-- Opening Marker --

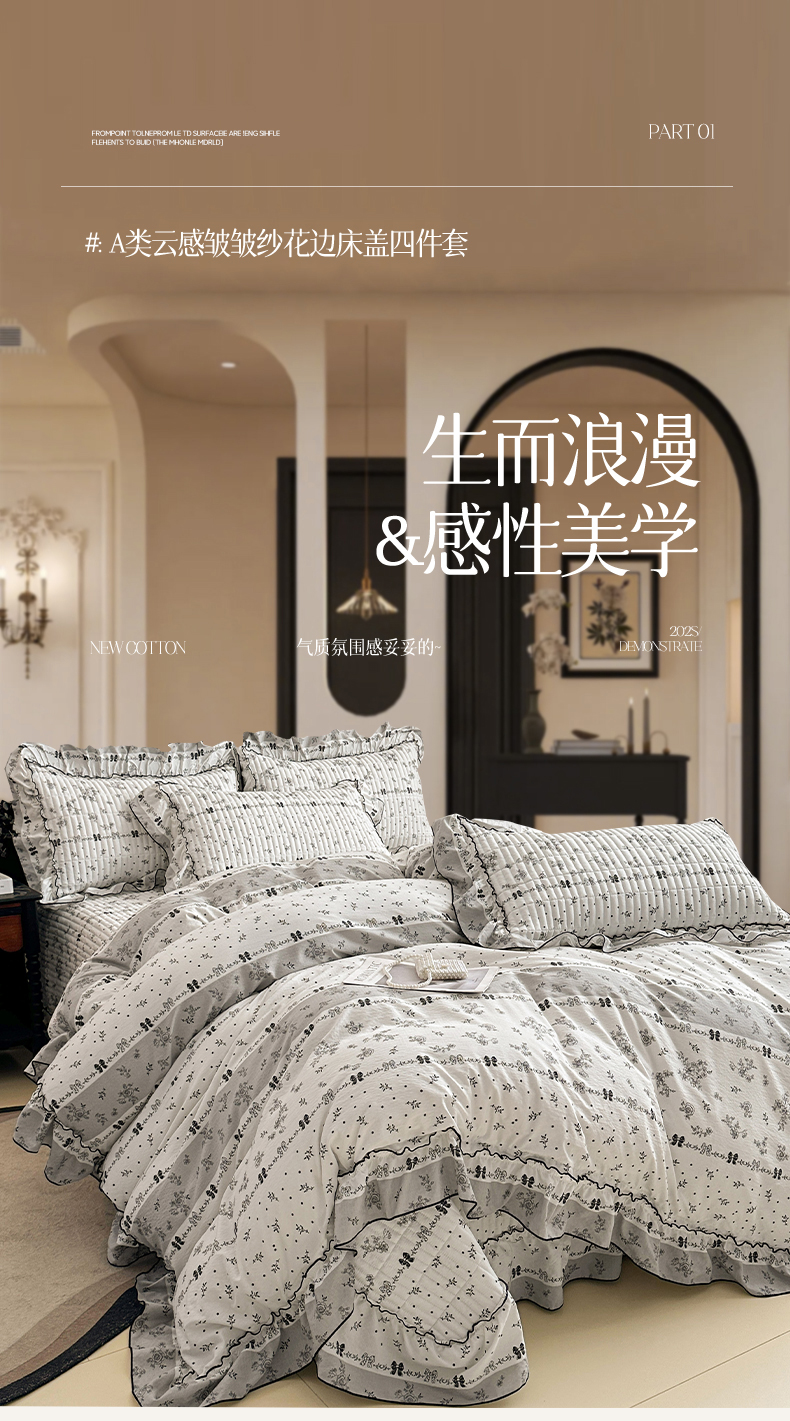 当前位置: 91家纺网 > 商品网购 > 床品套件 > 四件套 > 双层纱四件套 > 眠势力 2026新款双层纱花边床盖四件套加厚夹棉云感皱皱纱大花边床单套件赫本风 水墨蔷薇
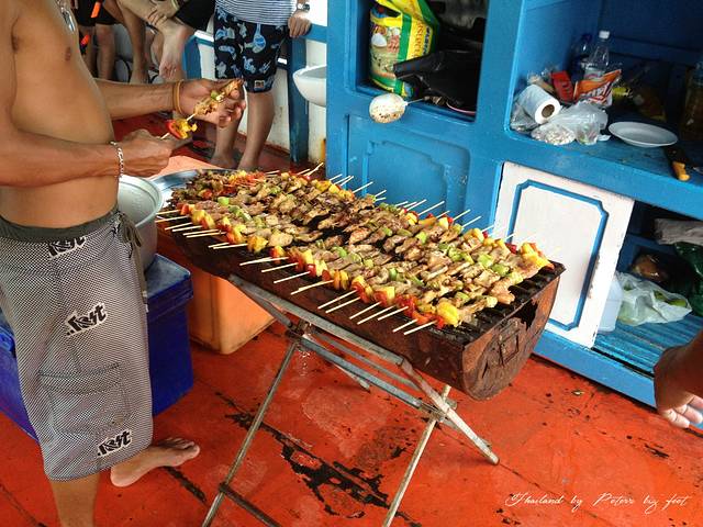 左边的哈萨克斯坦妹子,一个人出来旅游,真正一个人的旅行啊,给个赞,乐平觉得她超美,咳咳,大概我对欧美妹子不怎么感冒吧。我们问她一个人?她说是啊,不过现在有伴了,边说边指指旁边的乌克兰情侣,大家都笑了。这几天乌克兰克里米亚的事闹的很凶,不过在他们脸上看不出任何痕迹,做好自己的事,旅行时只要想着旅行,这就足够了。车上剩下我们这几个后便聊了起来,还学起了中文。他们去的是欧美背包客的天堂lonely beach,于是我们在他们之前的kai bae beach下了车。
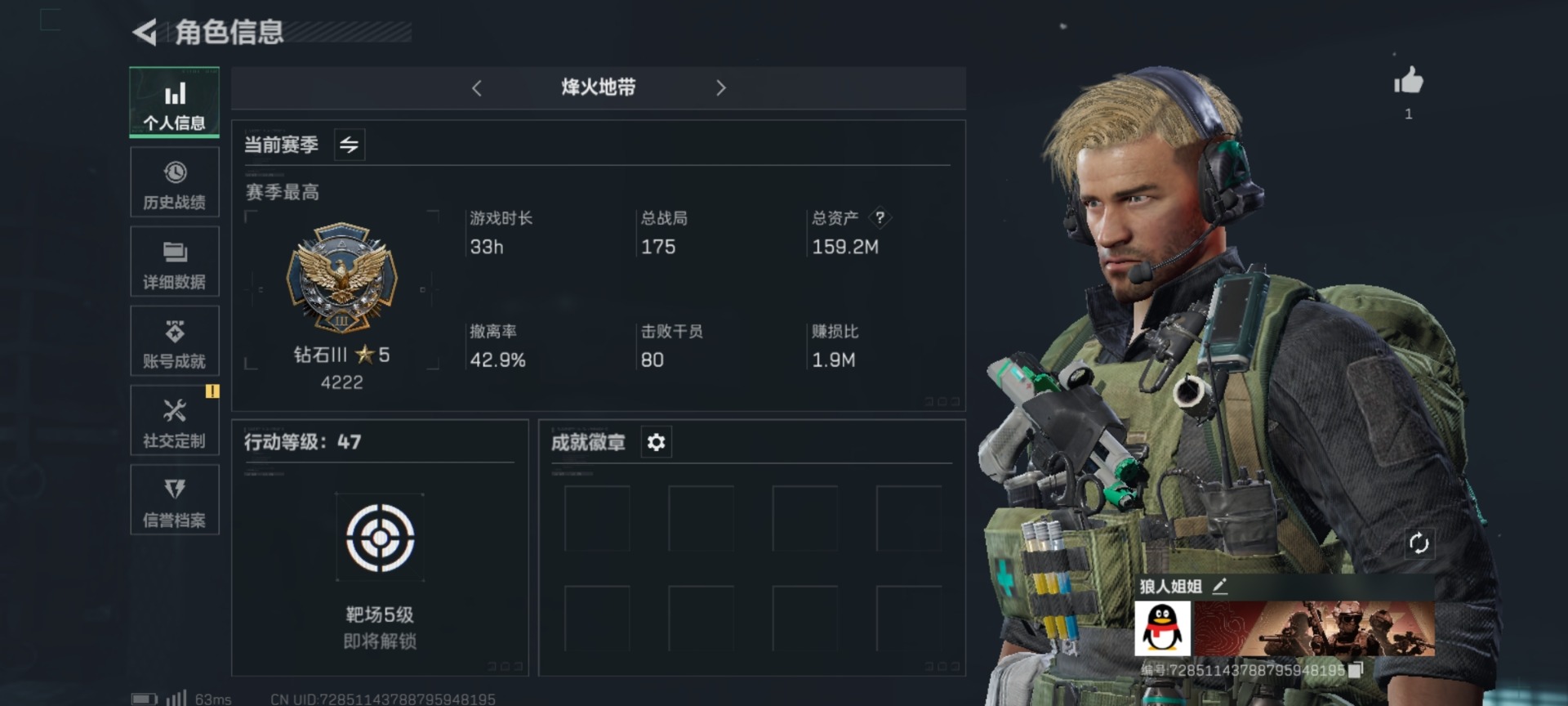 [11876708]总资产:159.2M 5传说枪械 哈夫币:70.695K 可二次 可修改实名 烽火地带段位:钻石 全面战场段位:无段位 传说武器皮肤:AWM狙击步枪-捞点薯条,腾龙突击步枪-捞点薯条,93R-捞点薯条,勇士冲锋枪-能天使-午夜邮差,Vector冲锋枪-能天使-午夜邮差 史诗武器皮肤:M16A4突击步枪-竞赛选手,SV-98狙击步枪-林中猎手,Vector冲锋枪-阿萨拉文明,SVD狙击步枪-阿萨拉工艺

-- Closing Marker --
-- Opening Marker --

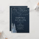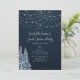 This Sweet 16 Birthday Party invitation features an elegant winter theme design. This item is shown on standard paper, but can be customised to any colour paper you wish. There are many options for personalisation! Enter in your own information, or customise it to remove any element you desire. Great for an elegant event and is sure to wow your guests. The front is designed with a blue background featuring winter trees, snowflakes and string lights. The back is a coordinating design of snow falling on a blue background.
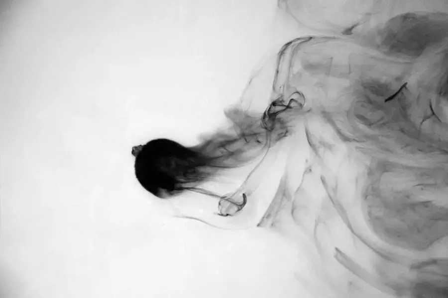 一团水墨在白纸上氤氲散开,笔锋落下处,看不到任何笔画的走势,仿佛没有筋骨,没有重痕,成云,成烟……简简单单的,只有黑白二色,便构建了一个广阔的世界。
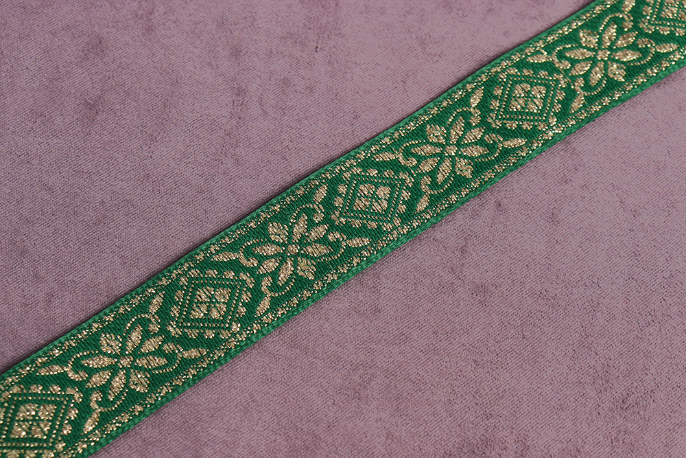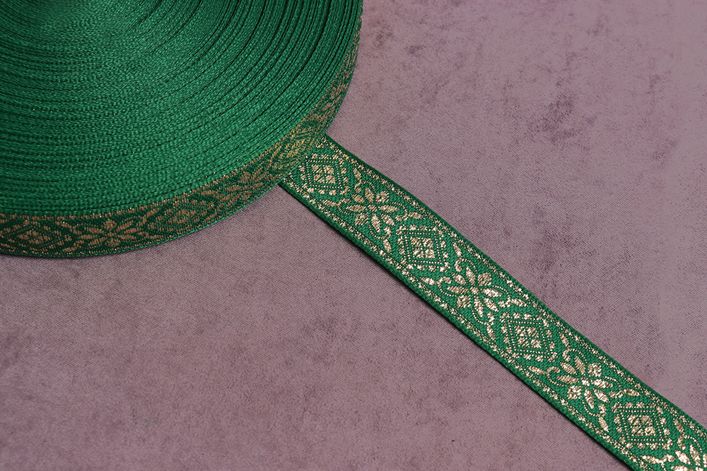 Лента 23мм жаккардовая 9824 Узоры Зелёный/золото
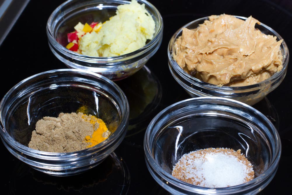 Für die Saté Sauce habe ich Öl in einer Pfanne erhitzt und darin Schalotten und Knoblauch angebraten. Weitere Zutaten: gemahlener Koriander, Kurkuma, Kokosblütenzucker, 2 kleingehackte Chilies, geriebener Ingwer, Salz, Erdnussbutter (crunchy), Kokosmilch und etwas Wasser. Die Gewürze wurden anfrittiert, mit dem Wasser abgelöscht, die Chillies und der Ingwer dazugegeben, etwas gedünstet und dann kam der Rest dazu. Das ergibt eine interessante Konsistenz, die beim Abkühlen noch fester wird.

-- Closing Marker --
-- Opening Marker --

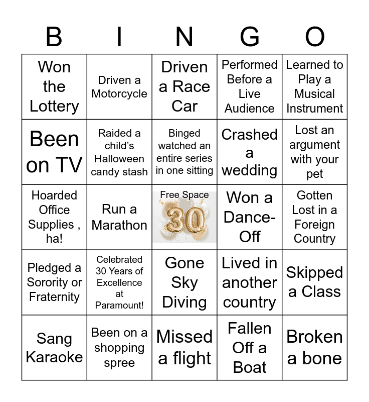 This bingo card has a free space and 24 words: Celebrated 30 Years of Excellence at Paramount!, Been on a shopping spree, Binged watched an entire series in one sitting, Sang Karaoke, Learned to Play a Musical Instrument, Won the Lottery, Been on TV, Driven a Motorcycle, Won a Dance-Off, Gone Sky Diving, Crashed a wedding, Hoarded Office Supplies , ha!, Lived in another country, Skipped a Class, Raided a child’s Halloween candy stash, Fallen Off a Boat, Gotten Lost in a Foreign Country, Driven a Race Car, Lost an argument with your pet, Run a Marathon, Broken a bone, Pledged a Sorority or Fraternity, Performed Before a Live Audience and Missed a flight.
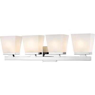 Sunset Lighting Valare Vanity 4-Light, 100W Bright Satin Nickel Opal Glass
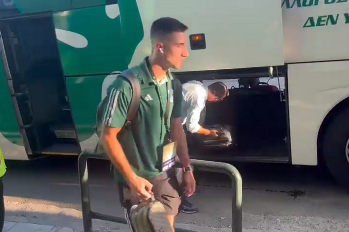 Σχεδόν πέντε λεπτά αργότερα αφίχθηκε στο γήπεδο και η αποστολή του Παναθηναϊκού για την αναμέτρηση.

-- Closing Marker --

→ Work to be completed
Exact copy, no pictures. Write out the lines in the entries above, starting with the line with "当前位置: 91家纺网 >" and going on through the line with "[11876708]总资产:159.2M 5传说枪械 哈夫币:70.695K", keeping both.

→ Task output
 当前位置: 91家纺网 > 商品网购 > 床品套件 > 四件套 > 双层纱四件套 > 眠势力 2026新款双层纱花边床盖四件套加厚夹棉云感皱皱纱大花边床单套件赫本风 水墨蔷薇
 左边的哈萨克斯坦妹子,一个人出来旅游,真正一个人的旅行啊,给个赞,乐平觉得她超美,咳咳,大概我对欧美妹子不怎么感冒吧。我们问她一个人?她说是啊,不过现在有伴了,边说边指指旁边的乌克兰情侣,大家都笑了。这几天乌克兰克里米亚的事闹的很凶,不过在他们脸上看不出任何痕迹,做好自己的事,旅行时只要想着旅行,这就足够了。车上剩下我们这几个后便聊了起来,还学起了中文。他们去的是欧美背包客的天堂lonely beach,于是我们在他们之前的kai bae beach下了车。
 [11876708]总资产:159.2M 5传说枪械 哈夫币:70.695K 可二次 可修改实名 烽火地带段位:钻石 全面战场段位:无段位 传说武器皮肤:AWM狙击步枪-捞点薯条,腾龙突击步枪-捞点薯条,93R-捞点薯条,勇士冲锋枪-能天使-午夜邮差,Vector冲锋枪-能天使-午夜邮差 史诗武器皮肤:M16A4突击步枪-竞赛选手,SV-98狙击步枪-林中猎手,Vector冲锋枪-阿萨拉文明,SVD狙击步枪-阿萨拉工艺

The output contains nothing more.